• **What the exercise asks**
The answer is the full listing below, copied exactly, with its pictures omitted.

• **Collected data**
-------
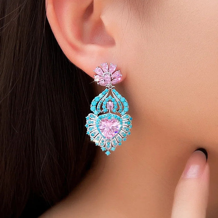 Zoe Earrings Pink and Blue Heart Chandelier Cubic Zirconia Earrings
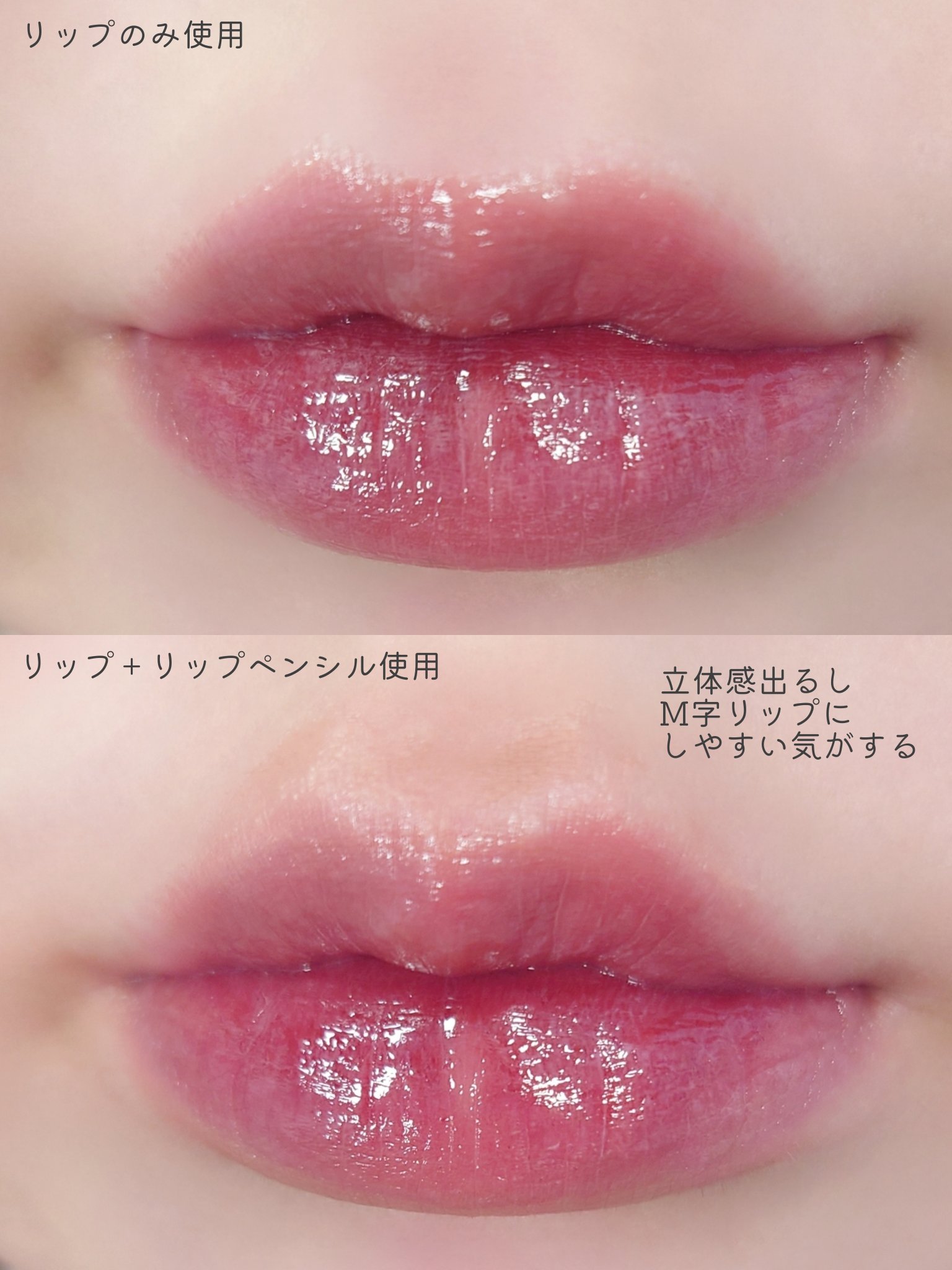 さらりとしたテクスチャでツヤツヤリップに仕上がるティント。 光沢感がかなりあって、むっちりちゅるんとする感じがすごく良い! するするとなめらかに描ける×発色良しな優秀リップペンシル。 筆圧強めな私でも、折れたりせずに描き心地が結構良かった。
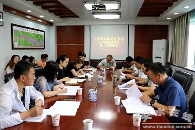 為全面了解我市社工站推進(jìn)情況,研究部署下步重點(diǎn)工作,確保社工站建設(shè)工作順利推進(jìn)。7月7日,天水市鄉(xiāng)鎮(zhèn)(街道)社會工作服務(wù)站建設(shè)第二次調(diào)度會在天水市民政局三樓會議室召開。天水市民政局副局長李虎、秦州區(qū)民政局、麥積區(qū)民政局、清水縣民政局以及三家承接社工站機(jī)構(gòu)負(fù)責(zé)人與駐站社工參加此次會議。
-------
• **Task answer**
 Zoe Earrings Pink and Blue Heart Chandelier Cubic Zirconia Earrings
 さらりとしたテクスチャでツヤツヤリップに仕上がるティント。 光沢感がかなりあって、むっちりちゅるんとする感じがすごく良い! するするとなめらかに描ける×発色良しな優秀リップペンシル。 筆圧強めな私でも、折れたりせずに描き心地が結構良かった。
 為全面了解我市社工站推進(jìn)情況,研究部署下步重點(diǎn)工作,確保社工站建設(shè)工作順利推進(jìn)。7月7日,天水市鄉(xiāng)鎮(zhèn)(街道)社會工作服務(wù)站建設(shè)第二次調(diào)度會在天水市民政局三樓會議室召開。天水市民政局副局長李虎、秦州區(qū)民政局、麥積區(qū)民政局、清水縣民政局以及三家承接社工站機(jī)構(gòu)負(fù)責(zé)人與駐站社工參加此次會議。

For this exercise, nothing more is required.